*** Material shown ***
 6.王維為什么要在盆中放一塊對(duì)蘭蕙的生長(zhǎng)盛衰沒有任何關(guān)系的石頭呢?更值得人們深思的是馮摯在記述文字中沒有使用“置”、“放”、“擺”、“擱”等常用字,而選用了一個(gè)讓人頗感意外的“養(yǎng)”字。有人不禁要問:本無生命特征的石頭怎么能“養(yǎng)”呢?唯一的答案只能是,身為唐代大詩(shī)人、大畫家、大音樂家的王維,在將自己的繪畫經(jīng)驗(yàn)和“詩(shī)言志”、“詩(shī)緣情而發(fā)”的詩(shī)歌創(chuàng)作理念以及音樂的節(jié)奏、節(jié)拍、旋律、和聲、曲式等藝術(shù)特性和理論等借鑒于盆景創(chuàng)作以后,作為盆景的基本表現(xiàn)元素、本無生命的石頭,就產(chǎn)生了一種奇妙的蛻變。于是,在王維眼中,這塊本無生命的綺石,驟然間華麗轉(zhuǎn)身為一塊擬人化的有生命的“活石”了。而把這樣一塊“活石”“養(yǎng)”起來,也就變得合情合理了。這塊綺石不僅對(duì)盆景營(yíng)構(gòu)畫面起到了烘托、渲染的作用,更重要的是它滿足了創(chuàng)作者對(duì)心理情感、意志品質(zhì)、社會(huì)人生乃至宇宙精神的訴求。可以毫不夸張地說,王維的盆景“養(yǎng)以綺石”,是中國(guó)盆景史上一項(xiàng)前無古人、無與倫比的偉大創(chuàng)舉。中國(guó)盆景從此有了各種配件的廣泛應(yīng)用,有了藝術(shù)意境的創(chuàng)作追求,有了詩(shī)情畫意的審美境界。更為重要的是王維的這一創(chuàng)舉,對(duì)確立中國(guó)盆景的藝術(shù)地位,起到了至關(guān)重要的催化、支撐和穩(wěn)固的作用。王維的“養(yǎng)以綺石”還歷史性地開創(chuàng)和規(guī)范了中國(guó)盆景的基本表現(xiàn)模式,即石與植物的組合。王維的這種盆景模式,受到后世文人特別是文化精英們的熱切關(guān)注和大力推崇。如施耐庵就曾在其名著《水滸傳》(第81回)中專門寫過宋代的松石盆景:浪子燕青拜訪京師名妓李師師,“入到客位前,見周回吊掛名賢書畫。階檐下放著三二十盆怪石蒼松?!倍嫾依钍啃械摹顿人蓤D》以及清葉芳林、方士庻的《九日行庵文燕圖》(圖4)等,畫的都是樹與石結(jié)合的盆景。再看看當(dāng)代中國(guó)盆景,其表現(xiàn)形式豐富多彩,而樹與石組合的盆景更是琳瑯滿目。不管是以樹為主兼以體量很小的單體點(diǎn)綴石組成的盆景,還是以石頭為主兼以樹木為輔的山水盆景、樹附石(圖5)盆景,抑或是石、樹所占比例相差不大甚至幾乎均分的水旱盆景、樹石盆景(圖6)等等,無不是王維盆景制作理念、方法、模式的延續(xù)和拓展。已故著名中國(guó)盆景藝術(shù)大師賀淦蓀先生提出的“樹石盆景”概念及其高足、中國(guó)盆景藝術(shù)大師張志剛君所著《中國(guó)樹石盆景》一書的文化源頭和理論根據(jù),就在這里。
*** End of Material shown ***
*** Material shown ***
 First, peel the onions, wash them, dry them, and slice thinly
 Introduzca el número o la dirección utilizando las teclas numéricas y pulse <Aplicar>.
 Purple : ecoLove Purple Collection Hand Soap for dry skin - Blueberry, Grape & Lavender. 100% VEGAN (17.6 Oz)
*** End of Material shown ***
# [What you will do]
The response should hold exactly the lines starting at the line with "First, peel the" and ending at the line with "Purple : ecoLove", and no other line of the material above.

# [Solved problem]
 First, peel the onions, wash them, dry them, and slice thinly
 Introduzca el número o la dirección utilizando las teclas numéricas y pulse <Aplicar>.
 Purple : ecoLove Purple Collection Hand Soap for dry skin - Blueberry, Grape & Lavender. 100% VEGAN (17.6 Oz)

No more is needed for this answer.